Remove this bit of d180c5bc "sched: Introduce task_times() to replace
task_{u,s}time()".

See also the next patch.

Signed-off-by: Oleg Nesterov <oleg@redhat.com>
---

 fs/proc/array.c |    3 ++-
 1 file changed, 2 insertions(+), 1 deletion(-)

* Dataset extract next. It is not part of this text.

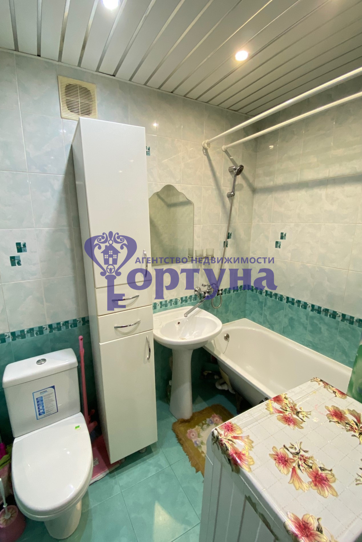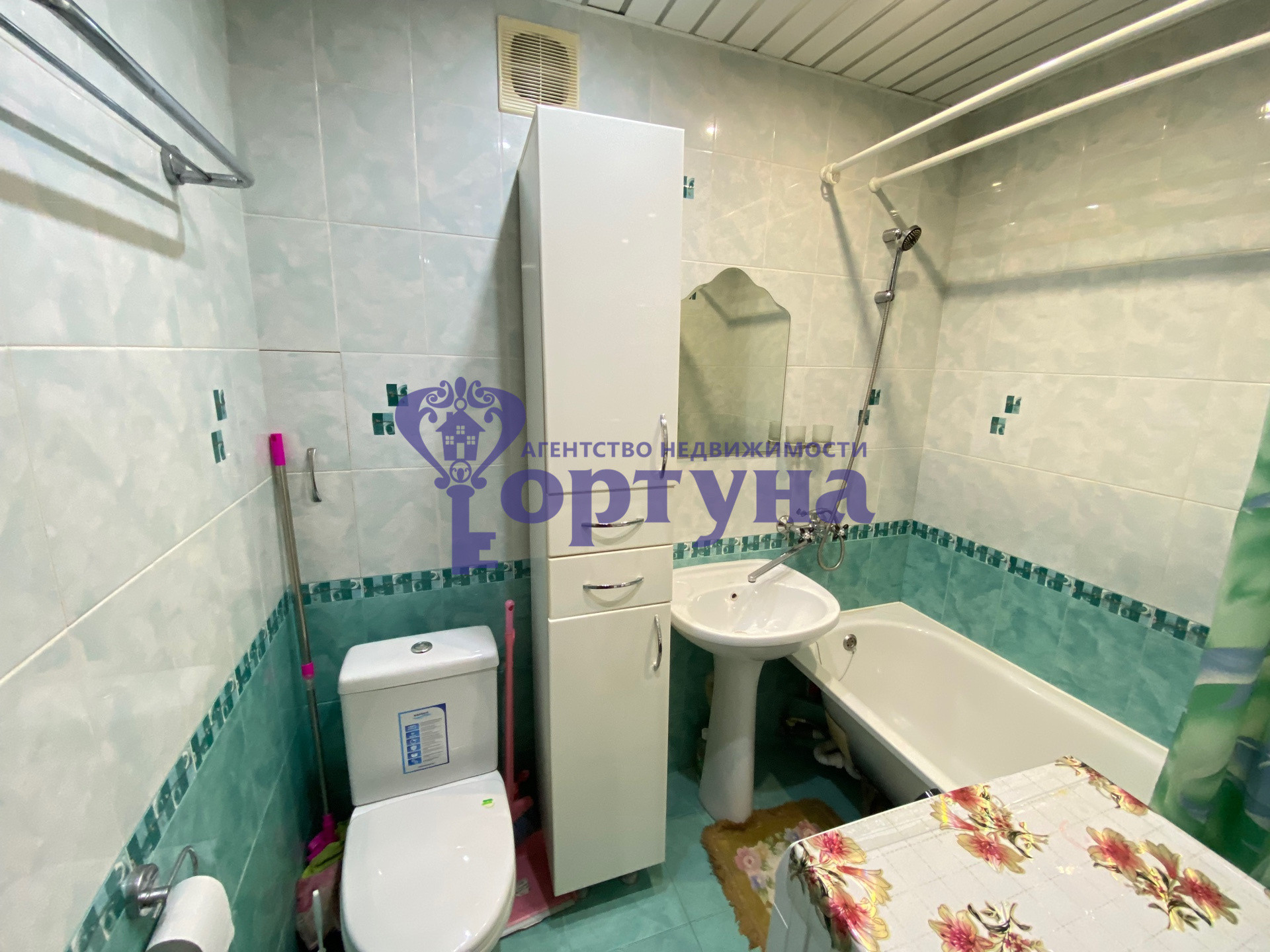 -Санузел совмещен ,отделан кафелем ;

--- 34-rc1/fs/proc/array.c~PROC_4_DTS_TASK_TIMES_IS_RACY	2010-03-24 19:53:23.000000000 +0100
+++ 34-rc1/fs/proc/array.c	2010-03-24 19:57:37.000000000 +0100
@@ -449,7 +449,8 @@ static int do_task_stat(struct seq_file 
 	if (!whole) {
 		min_flt = task->min_flt;
 		maj_flt = task->maj_flt;
-		task_times(task, &utime, &stime);
+		utime = task->utime;
+		stime = task->stime;
 		gtime = task->gtime;
 	}
 


^ permalink raw reply	[flat|nested] 15+ messages in thread

* Re: [RFC,PATCH 1/2] cputimers/proc: do_task_stat()->task_times() can race with getrusage()
  2010-03-24 20:45 [RFC,PATCH 1/2] cputimers/proc: do_task_stat()->task_times() can race with getrusage() Oleg Nesterov
@ 2010-03-26  3:53 ` Balbir Singh
  2010-03-26  7:37   ` Stanislaw Gruszka
  2010-03-26 21:49   ` Oleg Nesterov
  0 siblings, 2 replies; 15+ messages in thread
From: Balbir Singh @ 2010-03-26  3:53 UTC (permalink / raw)
  To: Oleg Nesterov
  Cc: Andrew Morton, Americo Wang, Eric W. Biederman, Hidetoshi Seto,
	Ingo Molnar, Peter Zijlstra, Roland McGrath, Spencer Candland,
	Stanislaw Gruszka, linux-kernel

* Oleg Nesterov <oleg@redhat.com> [2010-03-24 21:45:50]:

> do_task_stat()->task_times() can race with getrusage(), they both can
> try to update task->prev_Xtime at the same time.
> 
> Remove this bit of d180c5bc "sched: Introduce task_times() to replace
> task_{u,s}time()".

One of the reasons for adding this accuracy was to avoid sampling
based noise and errors that occur with utime and stime.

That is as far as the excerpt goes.